Rare Diseases Policy
National Policy for Rare Diseases, 2021 (the Policy) has been finalized and put in public domain.
The Policy can be accessed at website- https://main.mohfw.gov.in/documents/policy.
The Policy aims at lowering the incidence and prevalence of rare diseases based on an integrated and comprehensive preventive strategy encompassing awareness generation, premarital, post-marital, pre-conception and post-conception screening and counselling programmes to prevent births of children with rare diseases, and within the constraints on resources and competing health care priorities, enable access to affordable health care to patients of rare diseases.
Initiatives for treatment support for patients of rare diseases under the Policy are as follows: –
i. Financial support up to Rs. 20 lakhs under the Umbrella Scheme of Rashtriya Arogaya Nidhi shall be provided by the Central Government for treatment, of those rare diseases that require a one-time treatment (diseases listed under Group 1). Beneficiaries for such financial assistance would not be limited to BPL families, but extended to about 40% of the population, who are eligible as per norms of Pradhan Mantri Jan Arogya Yojana, for their treatment in Government tertiary hospitals only.
ii. State Governments can consider supporting patients of such rare diseases that can be managed with special diets or hormonal supplements or other relatively low-cost interventions (Diseases listed under Group 2).

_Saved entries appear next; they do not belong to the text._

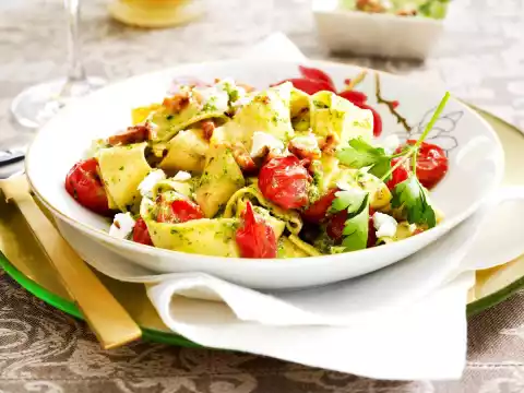 Heat 1 tablespoon of oil in a pan. Stew the tomatoes for 1-2 minutes. Drain the pasta, put it back into the pot and fold in the pesto and tomatoes. Arrange the pasta on plates and crumble the goat's cheese over it. Garnish with parsley
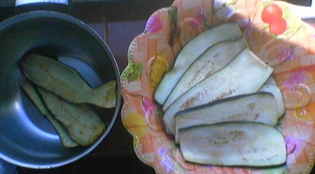 Режим баклажан вдоль, пластинами толщиной 0.7 см, солим и оставляем, чтоб ушла горечь.Затем обжариваем с обеих сторон и складываем в кастрюльку под крышку, что б стали мягкими
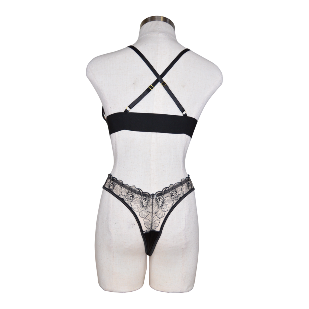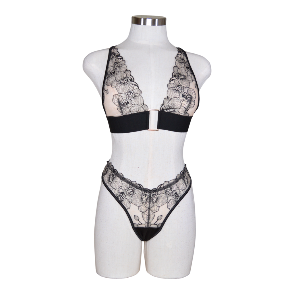 Orchid Blossom 2-Piece Set. Embroidered orchid detail on illusion tulle. Plunge bralette cup. Oversized hardware detail. Thong back. Cotton gusset.
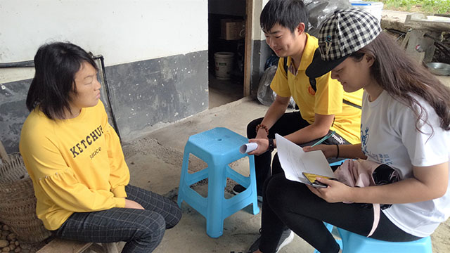 7月16日一大早,小分队便开展了调研。在寻找农户的过程中,队员们发现有许多人来这里避暑。由于地势较高,气候凉爽,木根村的清晨自然成为村民、游客纳凉散步的不二之选。队员们就这个现象进行讨论,并记录入问卷当中。
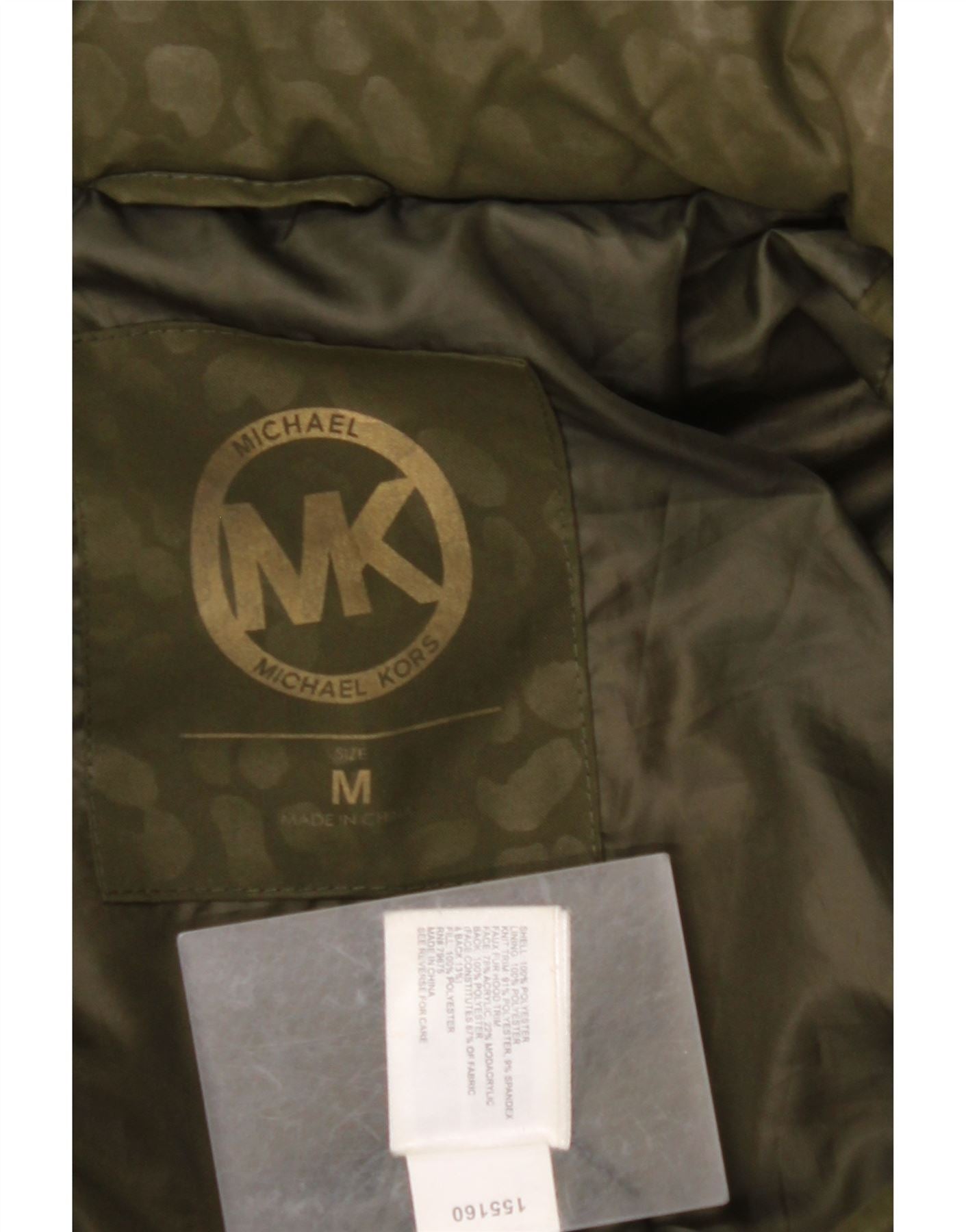 MICHAEL KORS Womens Hooded Padded Coat UK 14 Medium Khaki Animal Print

iii. Keeping in view the resource constraints, and a compelling need to prioritize the available resources to get maximum health gains for the community/population, the Government will endeavour to create alternate funding mechanism through setting up a digital platform for voluntary individual and corporate donors to contribute to the treatment cost of patients of rare diseases.
iv. Voluntary crowd-funding for treatment: Keeping in view the resource constraint and competing health priorities, it will be difficult for the Government to fully finance treatment of high-cost rare diseases. The gap can however be filled by creating a digital platform for bringing together notified hospitals where such patients are receiving treatment or come for treatment, on the one hand, and prospective individual or corporate donors willing to support treatment of such patients. The notified hospitals will share information relating to the patients, diseases from which they are suffering, estimated cost of treatment and details of bank accounts for donation/ contribution through online system. Donors will be able to view the details of patients and donate funds to a particular hospital. This will enable donors from various sections of the society to donate funds, which will be utilized for treatment of patients suffering from rare diseases, especially those under Group 3. Conferences will be organized with corporate sector companies to motivate them to donate generously through digital platform. Ministry of Corporate Affairs will be requested to encourage PSUs and corporate houses to contribute as per the Companies Act as well as the provisions of the Companies (Corporate Social Responsibility Policy) Rules, 2014 (CSR Rules). Promoting health care including preventive health care is included in the list in the Schedule for CSR activities.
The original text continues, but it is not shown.